++++ DATA TO USE

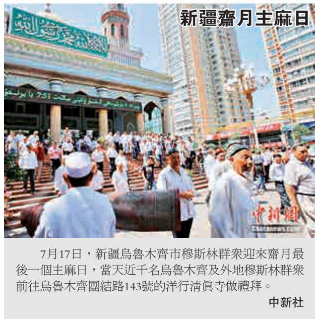
新疆齋月主麻日 7月17日，新疆烏魯木齊市穆斯林群衆迎來齋月最後一個主麻日，當天近千名烏魯木齊及外地穆斯林群衆前往烏魯木齊團結路143號的洋行清真寺做禮拜。

國家旅遊局要求，已核定公布最大承載量的各旅遊景區，都要嚴格按照《旅遊法》要求，強化最大承載量管理，依法實施最大承載量控制措施，切實提升旅遊安全管理水平，確保遊客人身財產安全。
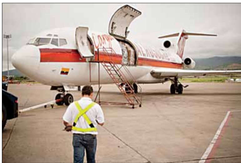
Мы ляцім у Калумбію васьм на гэтым грузавіку.

Макарам засталіся. Авіякампаніі не хочучь браць на борт шасцігадовага мядзведзя. Некалькі месяцаў парачка каляска па Цэнтральнай Амерыцы ў пошукках магчымасці вярнуцца ў Расію. І васьм ужо 19 дзён яны жывуць у гэтым грузавым аэрапорце. Здаецца, з'явілася магчымасць паляцець праз Кубу.
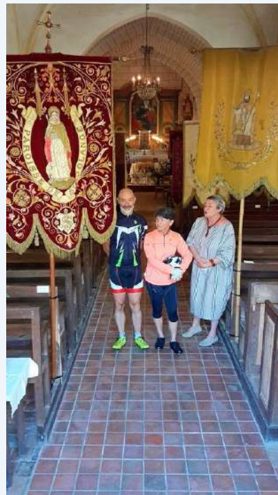
Les journées du patrimoine en cyclotourisme
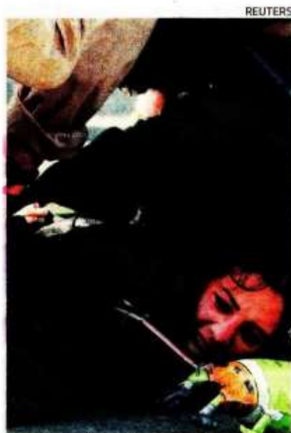
Una mujer, detenida en EA.
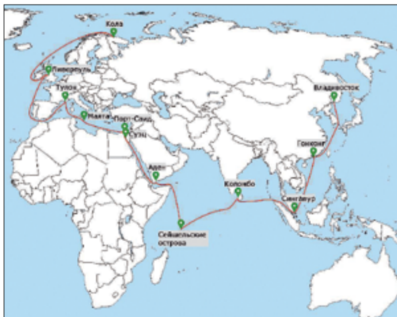
Схема перехода российских кораблей из Владивостока в Петроград
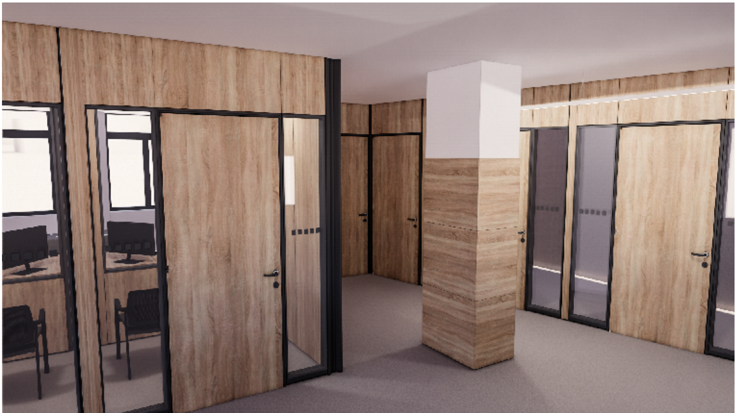
3NP - PŘEPÁŽKOVÁ PRACOVISTĚ, ŽIVNOSTENSKÝ ÚŘAD - POHLED Z HALY
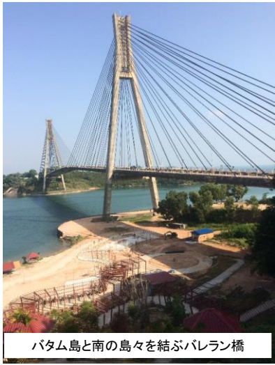
パタム島と南の島々を結ぶパラレン橋
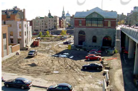
تصویر ۱۰. (قبل از اجرا) نمونه زیباسازی معابر در محله ساوت همپتون کانادا، قبل از اجرا؛ ماخذ: سازمان زیباسازی شهر تهران و جهاد دانشگاهی، ۱۳۹۱.
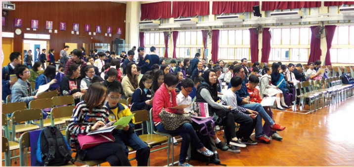
Both parents & primary students are reading school information carefully

Our hope is that all participants of our activities can learn to become responsible and happy secondary school learners in the years to come.
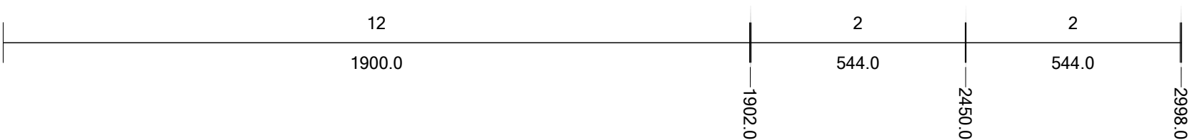
2/10 -- 0-bar/011, 60.0 × 22.0 -- 3000.0 mm -- Exempleaire unique

++++++++

Return the data above unchanged. Pictures are not part of the copy.

新疆齋月主麻日 7月17日，新疆烏魯木齊市穆斯林群衆迎來齋月最後一個主麻日，當天近千名烏魯木齊及外地穆斯林群衆前往烏魯木齊團結路143號的洋行清真寺做禮拜。

國家旅遊局要求，已核定公布最大承載量的各旅遊景區，都要嚴格按照《旅遊法》要求，強化最大承載量管理，依法實施最大承載量控制措施，切實提升旅遊安全管理水平，確保遊客人身財產安全。
Мы ляцім у Калумбію васьм на гэтым грузавіку.

Макарам засталіся. Авіякампаніі не хочучь браць на борт шасцігадовага мядзведзя. Некалькі месяцаў парачка каляска па Цэнтральнай Амерыцы ў пошукках магчымасці вярнуцца ў Расію. І васьм ужо 19 дзён яны жывуць у гэтым грузавым аэрапорце. Здаецца, з'явілася магчымасць паляцець праз Кубу.
Les journées du patrimoine en cyclotourisme
Una mujer, detenida en EA.
Схема перехода российских кораблей из Владивостока в Петроград
3NP - PŘEPÁŽKOVÁ PRACOVISTĚ, ŽIVNOSTENSKÝ ÚŘAD - POHLED Z HALY
パタム島と南の島々を結ぶパラレン橋
تصویر ۱۰. (قبل از اجرا) نمونه زیباسازی معابر در محله ساوت همپتون کانادا، قبل از اجرا؛ ماخذ: سازمان زیباسازی شهر تهران و جهاد دانشگاهی، ۱۳۹۱.
Both parents & primary students are reading school information carefully

Our hope is that all participants of our activities can learn to become responsible and happy secondary school learners in the years to come.
2/10 -- 0-bar/011, 60.0 × 22.0 -- 3000.0 mm -- Exempleaire unique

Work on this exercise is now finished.